Output only the lines below from the one containing "Illustration for Menella" to the one containing "Jack Bowes of", exactly as written, both ends kept.

▶ **RECORDS FOR THIS TASK**:
______________________________

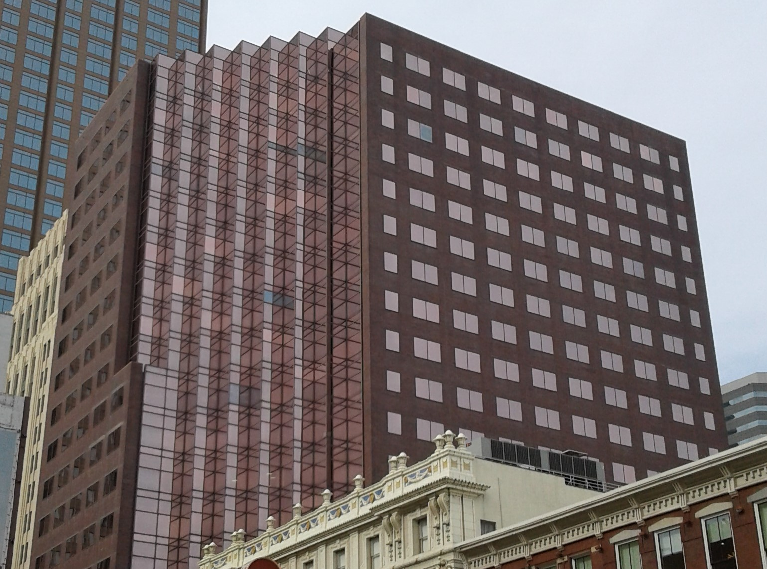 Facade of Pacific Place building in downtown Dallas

______________________________

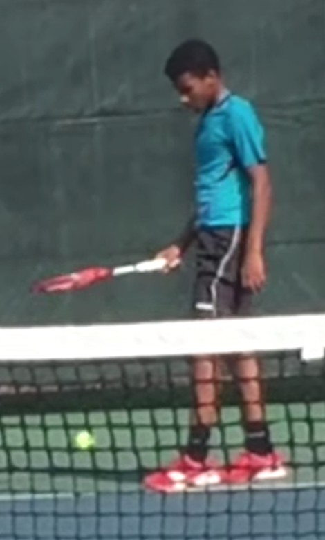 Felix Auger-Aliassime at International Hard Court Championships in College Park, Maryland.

______________________________

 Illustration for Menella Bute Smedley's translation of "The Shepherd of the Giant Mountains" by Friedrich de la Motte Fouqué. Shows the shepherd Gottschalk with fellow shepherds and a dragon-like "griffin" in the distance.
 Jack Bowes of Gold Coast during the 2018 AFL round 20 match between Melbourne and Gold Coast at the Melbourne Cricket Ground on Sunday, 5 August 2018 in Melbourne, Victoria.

______________________________

▶ **YOUR RESPONSE**:
 Illustration for Menella Bute Smedley's translation of "The Shepherd of the Giant Mountains" by Friedrich de la Motte Fouqué. Shows the shepherd Gottschalk with fellow shepherds and a dragon-like "griffin" in the distance.
 Jack Bowes of Gold Coast during the 2018 AFL round 20 match between Melbourne and Gold Coast at the Melbourne Cricket Ground on Sunday, 5 August 2018 in Melbourne, Victoria.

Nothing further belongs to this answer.